My loyal support crew
My aim was to do 6 laps and if I could do 7 I would be happy. On my 7th lap I felt I really could do no more and on the way down I got taken out by male rider not really increasing my enthusiasm to make it 8."Not again" I thought when I was down on the ground untangling mountain bikes. As I trembled back on the bike the lovely Lynne Davies passed me yelling "we have 10 min to make it down for cut off time" We had been playing cat and mouse all day and at this stage I really wanted to finish on the same amount of laps as the leaders knowing that with 7 laps I should be close. I followed her down and off we went onto lap 8, I had not much left, not to say nothing left. I struggled to concentrate almost crashing every corner. I kept on seeing Lynne's distinct orange helmet in the far distance whilst I was trying to keep her in my reach. When we made it to the top of the course, the heavens broke loose and thunder and lightening surrounded us. The course had turned into a slippery slope downhill matching my MTB skills! I lost Lynne on the descend and was relieved to be led around the last part of the technical trails back on fire road out of safety issues. I was super happy to finally cross the finish line, with all the things I wanted to tick off, ticked off.
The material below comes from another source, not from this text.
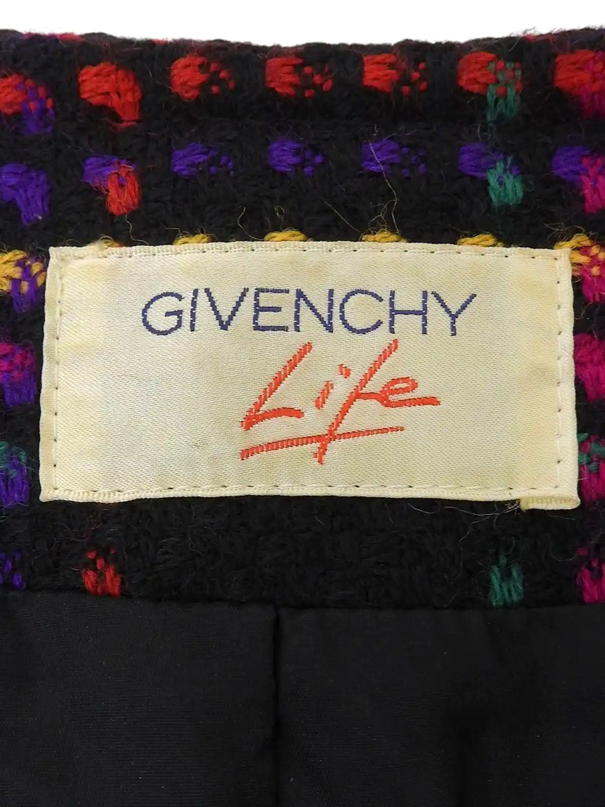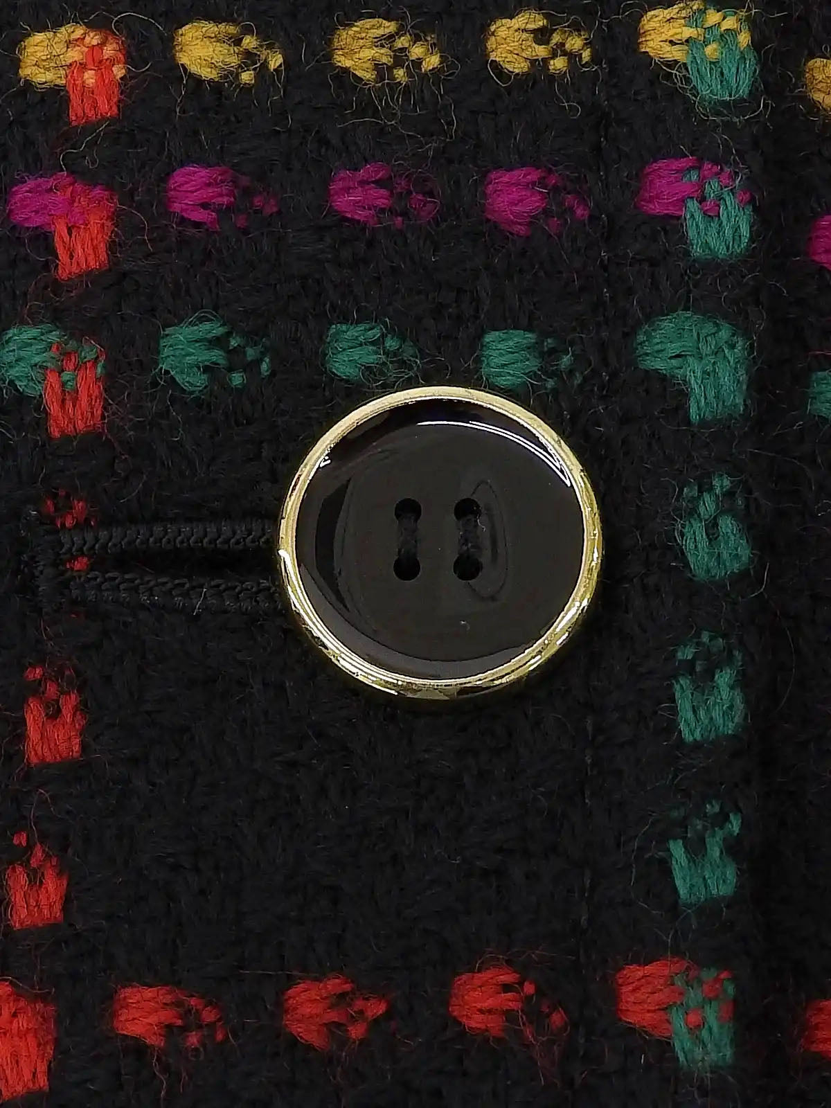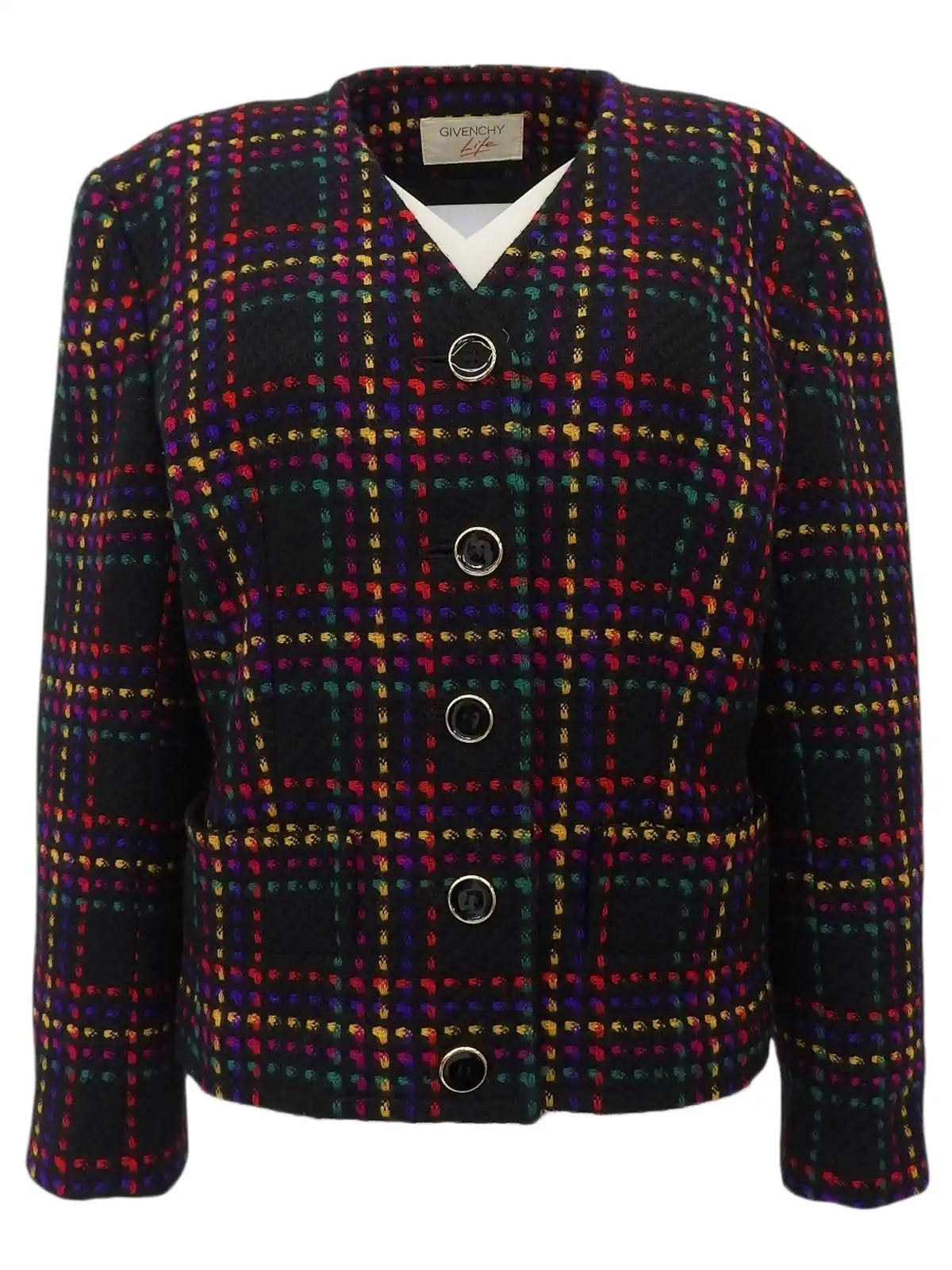 ウールチェックパターンノーカラージャケット ブラック/マルチ

Not having any idea where I placed all day Michael was excited to tell me I just got beaten for 2nd and the top 5 were racing minutes from each other most of the day!! I did not think this would be possible so early in the season and I owed a big thank you to coach Rab and physio Dave.
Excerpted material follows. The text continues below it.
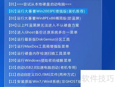 5、 将U盘启动盘插入电脑USB接口,启动并运行Win2003PE增强版系统。

Glentress 7 answered the questions I needed answering. In the last couple of years I got caught up in the whole elitism of the sport, making it a competition with anyone and everyone who was willing to take me on. How strange it may sound, it has never been about the competition for me, it has never been about placing and podiums. I actually did not like a competitive environment. What I loved about racing and what it did for me was the ability to be pushing my own limits. Every time I raced, try to dig that little deeper. Get everything I have out of myself physically and mentally and try to better that the next time. 6 laps at Glentress Seven would have made me happy, riding the 7th lap I felt like I could not go any more, a crash made me think that is enough for me and call it a day even if I would make the cut off time. Yet I went on to do an 8th lap, pushing my absolute limits for that day and surprising myself what I had left in me. For me that is what its all about, for me its those athletes who keep on pushing whatever the circumstances whom I am inspired by and why I love sport so much. When the odds get beaten and the impossible becomes possible.

In a society where stability gets the most rewards, I always find myself on unsteady ground searching for the next new challenge. The question "will you ever be happy" has been asked me many times. But what if this is my happiness? My journey in life, searching for the next pursuit. Following my passion and always wanting to push that little further to keep on expanding my limits. Searching for my own path and no body else's.
A great quote by the man who climbed Mt Everest in record time last week short after another legend Swiss speed climber Ueli Steck lost his life in the same mountain range doing what he loved doing.

"We can't be sure we'll find it,
but we're going in search of happiness"
Failing is not trying. Failing is not enjoying
every step along the way. Failing is not feeling.
There will be punches, there will be pain and goals
far from met, but in no way can we fail if we make
our own path, even if it doesn't reach the top."